▶ PROBLEM DETAILS: Extract the lines up to and including the one that contains "On Crysis Warhead, we", starting with the first line of the entries below, and omit the pictures.

▶ STUDY MATERIAL:

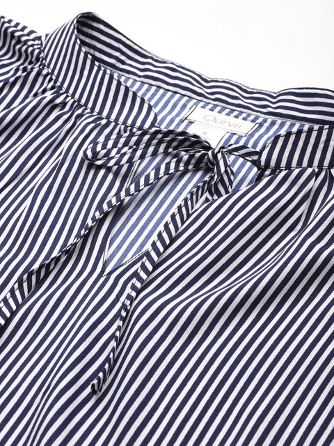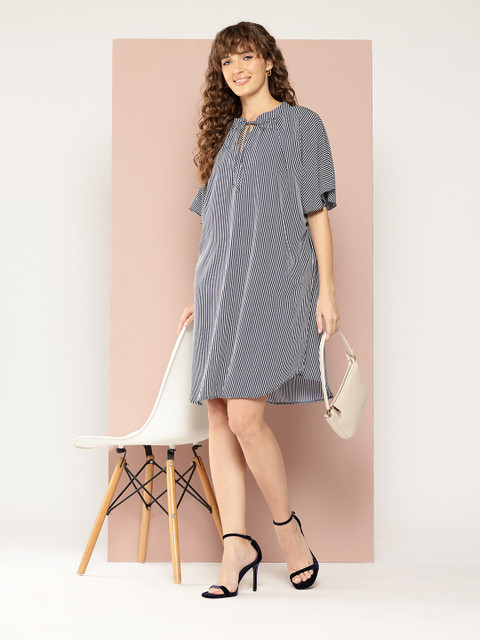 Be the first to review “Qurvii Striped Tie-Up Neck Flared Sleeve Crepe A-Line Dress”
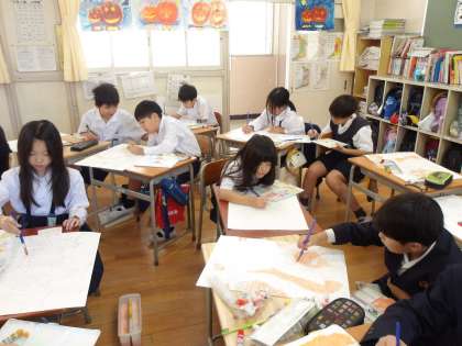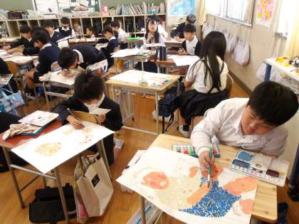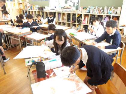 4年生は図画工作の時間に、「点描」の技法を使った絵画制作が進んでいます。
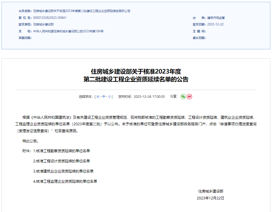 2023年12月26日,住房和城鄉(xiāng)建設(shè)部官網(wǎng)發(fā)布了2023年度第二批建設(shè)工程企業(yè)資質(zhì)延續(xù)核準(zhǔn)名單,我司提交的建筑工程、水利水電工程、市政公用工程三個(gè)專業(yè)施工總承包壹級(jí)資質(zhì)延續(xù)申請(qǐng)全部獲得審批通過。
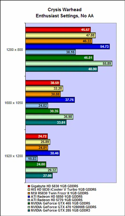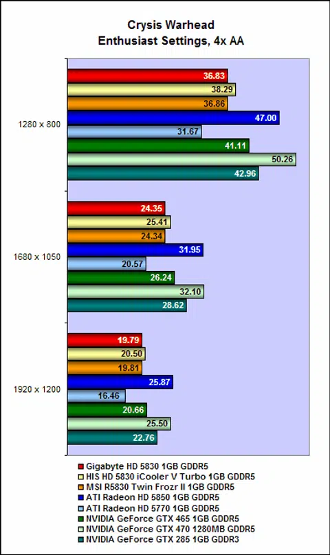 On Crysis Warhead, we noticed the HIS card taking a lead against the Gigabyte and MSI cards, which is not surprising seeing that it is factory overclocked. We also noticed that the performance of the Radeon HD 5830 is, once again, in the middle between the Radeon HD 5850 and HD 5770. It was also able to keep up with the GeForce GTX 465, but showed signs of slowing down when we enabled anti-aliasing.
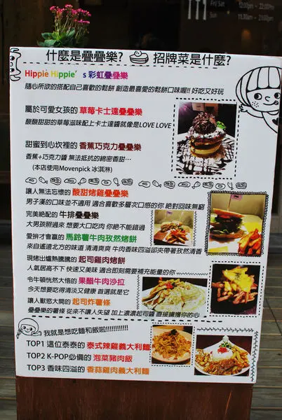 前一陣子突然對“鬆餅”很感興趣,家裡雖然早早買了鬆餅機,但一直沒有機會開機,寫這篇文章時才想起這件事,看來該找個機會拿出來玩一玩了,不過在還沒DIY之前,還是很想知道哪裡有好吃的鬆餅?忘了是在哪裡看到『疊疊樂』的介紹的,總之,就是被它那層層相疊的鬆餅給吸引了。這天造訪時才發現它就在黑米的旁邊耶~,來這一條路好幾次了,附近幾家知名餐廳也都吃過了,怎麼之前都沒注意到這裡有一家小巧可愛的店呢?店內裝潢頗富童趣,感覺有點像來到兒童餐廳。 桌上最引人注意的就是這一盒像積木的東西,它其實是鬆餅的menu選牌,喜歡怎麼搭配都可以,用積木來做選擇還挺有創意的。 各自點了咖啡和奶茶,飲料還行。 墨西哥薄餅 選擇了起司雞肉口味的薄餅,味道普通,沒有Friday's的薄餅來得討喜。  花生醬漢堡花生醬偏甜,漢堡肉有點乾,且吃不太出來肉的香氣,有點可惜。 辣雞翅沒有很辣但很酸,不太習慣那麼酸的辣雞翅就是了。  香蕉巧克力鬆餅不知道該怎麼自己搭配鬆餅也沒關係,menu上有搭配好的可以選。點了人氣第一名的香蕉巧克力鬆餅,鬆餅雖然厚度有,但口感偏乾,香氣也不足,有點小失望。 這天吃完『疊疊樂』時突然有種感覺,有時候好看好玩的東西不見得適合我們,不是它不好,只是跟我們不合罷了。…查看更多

▶ THE COMPLETED TASK:
 Be the first to review “Qurvii Striped Tie-Up Neck Flared Sleeve Crepe A-Line Dress”
 4年生は図画工作の時間に、「点描」の技法を使った絵画制作が進んでいます。
 2023年12月26日,住房和城鄉(xiāng)建設(shè)部官網(wǎng)發(fā)布了2023年度第二批建設(shè)工程企業(yè)資質(zhì)延續(xù)核準(zhǔn)名單,我司提交的建筑工程、水利水電工程、市政公用工程三個(gè)專業(yè)施工總承包壹級(jí)資質(zhì)延續(xù)申請(qǐng)全部獲得審批通過。
 On Crysis Warhead, we noticed the HIS card taking a lead against the Gigabyte and MSI cards, which is not surprising seeing that it is factory overclocked. We also noticed that the performance of the Radeon HD 5830 is, once again, in the middle between the Radeon HD 5850 and HD 5770. It was also able to keep up with the GeForce GTX 465, but showed signs of slowing down when we enabled anti-aliasing.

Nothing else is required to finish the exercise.